:: What you will do ::
Print each entry precisely; exclude the pictures.

:: Records from a collection ::
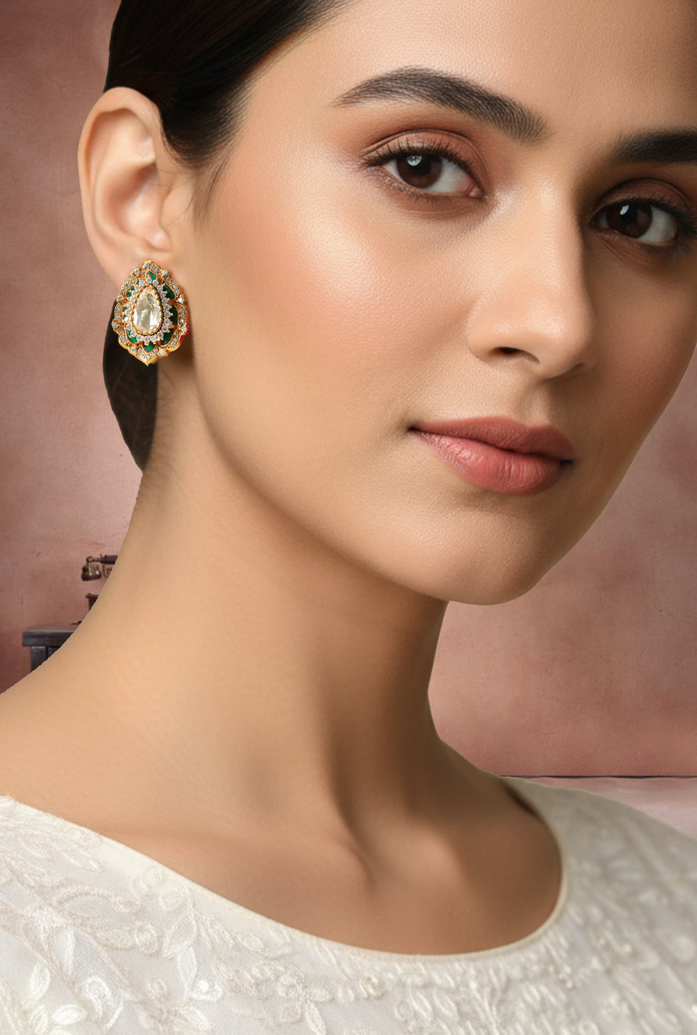 At the heart of these earrings lies a striking moissanite polki stone, surrounded by shimmering cubic zirconia, further encased in beautiful takkar stones.
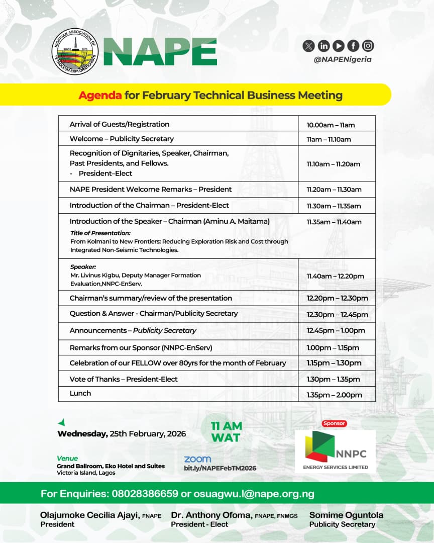 NAPE February 2026 Technical and Business Meeting – 25 February 2026
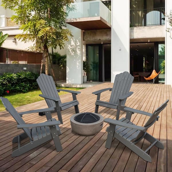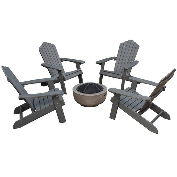 Lanier 5-Piece Charcoal Grey Recycled Plastic Patio Conversation Adirondack Chair Set with a Brown Wood-Burning Firepit
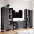 Коллекцию модульной гостиной "Нора" отличает современный оригинальный стиль. Декоративная продольная фрезеровка на фазадах из МДФ и опоры на металлокаркасе цвета соответствуют модным тенденциям этого года в ведущих зарубежных коллекциях.
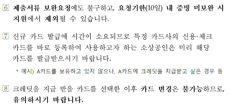소상공인 1인당 크레딧 50만원을 등록한 카드로 지급
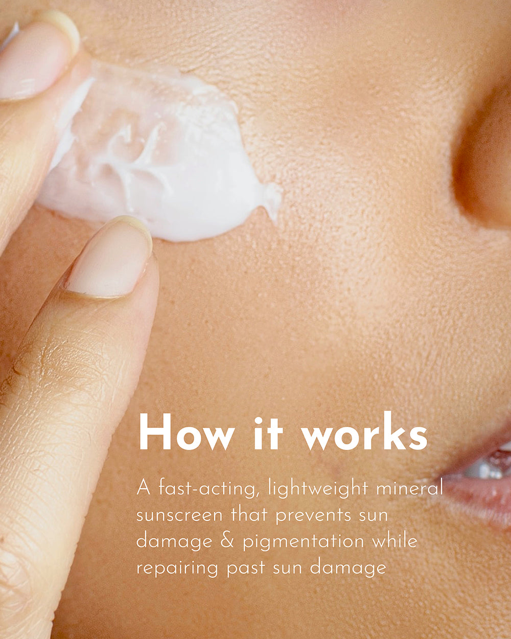 • Lightweight and Invisible: Enjoy the delight of a sunscreen that prioritizes aesthetics. Enriched with Zinc Oxide and Titanium Dioxide, the formula seamlessly blends into the skin without leaving a visible white cast or a heavy sensation. It's sun protection that goes unnoticed.

:: Exercise response ::
 At the heart of these earrings lies a striking moissanite polki stone, surrounded by shimmering cubic zirconia, further encased in beautiful takkar stones.
 NAPE February 2026 Technical and Business Meeting – 25 February 2026
 Lanier 5-Piece Charcoal Grey Recycled Plastic Patio Conversation Adirondack Chair Set with a Brown Wood-Burning Firepit
 Коллекцию модульной гостиной "Нора" отличает современный оригинальный стиль. Декоративная продольная фрезеровка на фазадах из МДФ и опоры на металлокаркасе цвета соответствуют модным тенденциям этого года в ведущих зарубежных коллекциях.
소상공인 1인당 크레딧 50만원을 등록한 카드로 지급
 • Lightweight and Invisible: Enjoy the delight of a sunscreen that prioritizes aesthetics. Enriched with Zinc Oxide and Titanium Dioxide, the formula seamlessly blends into the skin without leaving a visible white cast or a heavy sensation. It's sun protection that goes unnoticed.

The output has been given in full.